Na een goed uur komt chirurg Jan Heijn achter de operatieschuifdeur vandaan. Ons persoonlijk geruststellen. Heet van de operatie-naald. Hij heeft Joost’s maagje ontdaan van zeker vier liter lucht en maaginhoud. Daarmee het meest acute levensgevaar bezwerend.
Het duurt nog een tijdje voor we onze zoon terugzien.
Maar ach, wat ziet hij eruit. Bleek en mager ligt hij in het grote witte bed. Volledig onderzijl. Bijna elke lichaamsopening is van een slang voorzien die naar één van de drie, naast het bed hangende, infuuspompen loopt. Als tijdelijke vervanging van het nu uitgeschakelde, reguliere spijsverteringskanaal. Via de neus en een vers aangebrachte maagsonde blijft het voorlopig geredde orgaan nog dagenlang een groenachtige substantie afgeven.

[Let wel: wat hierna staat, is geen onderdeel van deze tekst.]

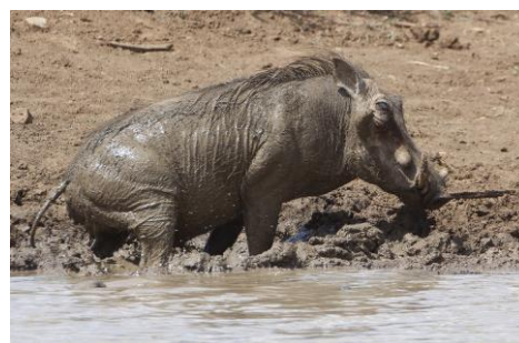
Wrattenzwijn in de modder, 12nov17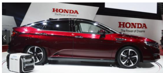
Honda Clarity Fuel Cell és az előtérben, balra a külső adapter.

A fenti hírhez kapcsolódik, hogy október végén, a 2015-ös Tokyo Motor Show keretei között mutatták be a Honda új hidrogén tüzelőanyag-cellás (HTC) modelljét, Honda Clarity Fuel Cell néven. A Honda 2016 márciusában bocsátja a japán piacra ezt a modellt. A Toyotához, pontosabban a Toyota már piacon lévő HTC modelljéhez képest annyiban eltérő üzleti modell szerint, hogy kezdetben lízing konstrukcióban kínálják, az első évben pedig nem magánszemélyeknek, hanem céges vagy önkormányzati autóflokkok részeként.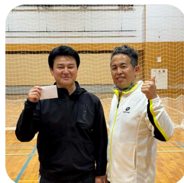
優勝した池袋ワイズと桶谷会長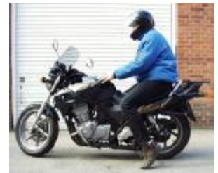
Billede 10; hop i sædet!

Lovkrav: Kæden skal være korrekt spændt, ikke for slap og ikke for spændt da den kan knække. En slap kæde kan køre ved siden af tandhjulet så den blokerer baghjulet. Spillerum normalt 2-4 cm.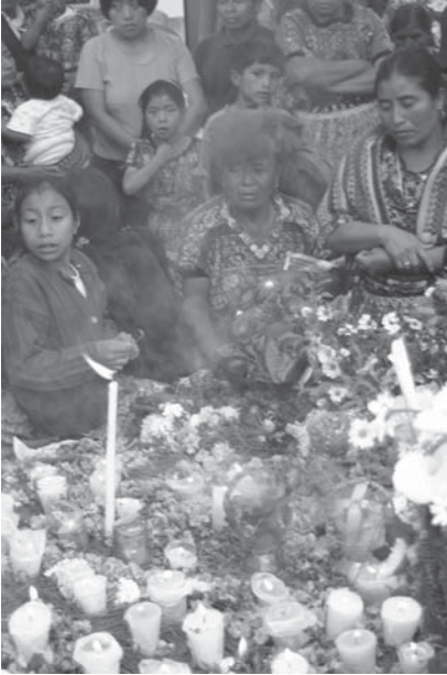
Memorial a las víctimas del conflicto armado interno en un antiguo destacamento militar y lugar de una exhumación en San Juan de Comalapa, Chimaltenango.

Las PAC formaron parte de un sistema alternativo de autoridad sobre y de control de la población dirigido por el ejército. Mucho de este sistema sigue aún intacto. Desde la firma de los Acuerdos de Paz, algunos comisionados militares y ex miembros de las PAC han asumido cargos de importancia a nivel municipal como alcaldes, miembros de los consejos locales, maestros, y policías. Aunque los Acuerdos mandaban hacer reformas militares, de inteligencia y policiales en las instituciones del estado, el “grupo con poder a nivel local generado por la contrainsurgencia nunca fue desplazado”. 93 Se presume que muchos de los comisionados militares y los ex miembros de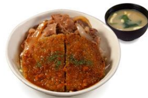
焼かつコンボ牛めし 650 円 ライス大盛 710 円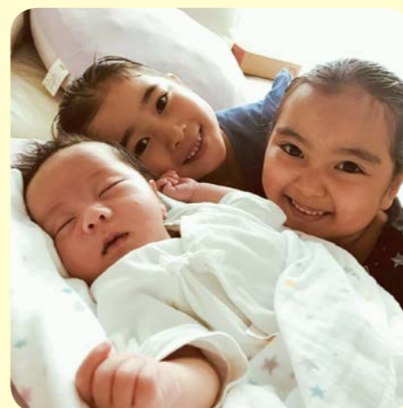
とっても頼りになるお姉ちゃんたちです。(tomo)

【提出・問合せ】=本庁ひとみらい政策課(内線4741) ☎ hitomirai@city.satsumasendai.lg.jp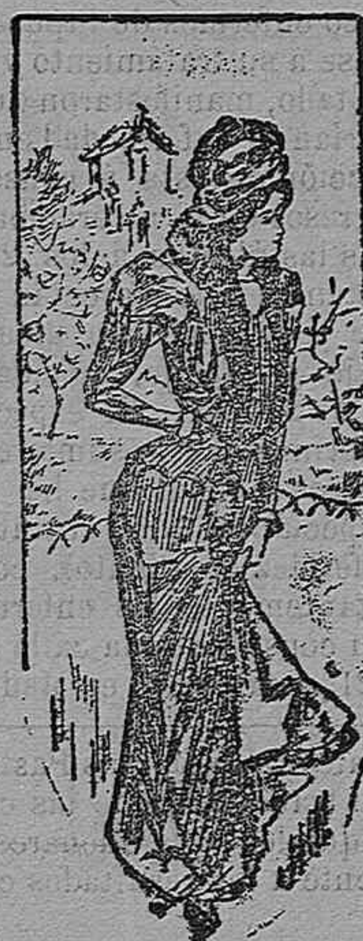
Traje para paseo.

Modelos exclusivos para nuestras lectoras, de los grandes almacenes de EL SIGLO, Barcelona (I).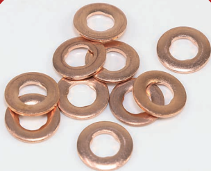
Wärmeschutzscheiben (Flamm- / Dichtscheiben)

Unser Zubehörprogramm umfasst u.a. Hochtemperatur Keramikpaste (Made in Germany) für Dieselinjektoren und Glühkerzen, Wärmeschutzscheiben-Sets, Schrauben für Einspritzdüsenhalter sowie Dichtungssätzen. Teilweise in OE-Ausführung.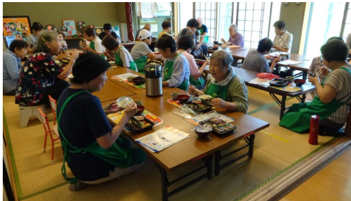
8/4 ふれあい昼食交流会の様子

「（員）ヘルスメイト・ボランティア」の活動に、皆さまの興味・関心を持っていただけると幸いです。微力でも草の根の様に、地域に根付き成長していければと思っています。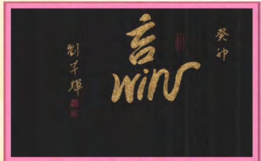
4工 1685 劉○輝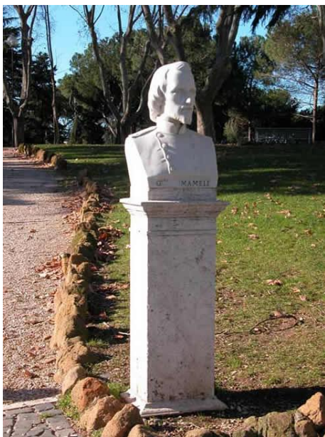
Busti garibaldini sul Gianicolo, a Roma vicino al monumento equestre di Garibaldi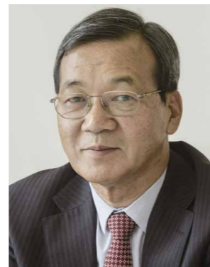
Masafumi Kuroki Director ejecutivo, Centro de Intercambio de Información del ReCAAP

La actividad que Kuroki considera de suma importancia es el intercambio de información. En este proceso, las ubicaciones de los incidentes de piratería se cuantifican por país, puerto y área marítima, y los incidentes se clasifican del nivel 1 al 4, según la gravedad. La información se comparte entre las partes contratantes y las compañías navieras a través de diversas medidas, como por ejemplo a través de alertas sobre una base ad hoc e informes periódicos. “Hay diferentes niveles de piratería y robo a mano armada contra buques, incluyendo serios crímenes organizados, como puede ser el secuestro de la tripulación, así como delitos tales como el robo de embarcaciones fondeadas. Para desarrollar contramedidas, es crucial comprender las tendencias, como por ejemplo saber qué incidentes son

Omdat de "zuurstofsaturatie" niet in orde is, brengt Joost zijn eerste ziekenhuisnachtje door op de intensive care. Daarna belandt hij in een éénpersoonsbox op "de afdeling". Een dikke maand lang ontfermen blonde Hermine en haar collega zusters zich over de patiënt. Met dag en (de eerste weken ook) nacht aanvullende ouderlijke ondersteuning. Vooral moederlijke.
De angst die Joost toch al had voor medische omgevingen, heeft door de spoedoperatie een nieuwe impuls gekregen. Arme Joost. Zo'n broodmager jongetje in bed, aan al die slangen en pompen! Doodsbenauwd als iemand eventjes wegloopt, of als de dokter komt. Hij is zo afhankelijk van ons!
Vooral het telkens opnieuw inbrengen van een infuus maakt hem panisch. Jeannet wil dat er een "lijn" aangelegd wordt, een blijvend infuus in een wijder bloedvat. Maar dat moet weer onder narcose gebeuren, en natúúrlijk precies op zijn verjaardag!! Daar helpen zelfs Hermine’s grappen en grollen niet tegen.
Slecht eten, slecht poepen, soms ‘n opgezette maag... Al die dingen speelden al jaren, maar we schonken er nooit veel aandacht aan. Meestal ging ’t vanzelf weer over. Het hoorde gewoon bij Joost z’n handicap, zoals zoveel dingen.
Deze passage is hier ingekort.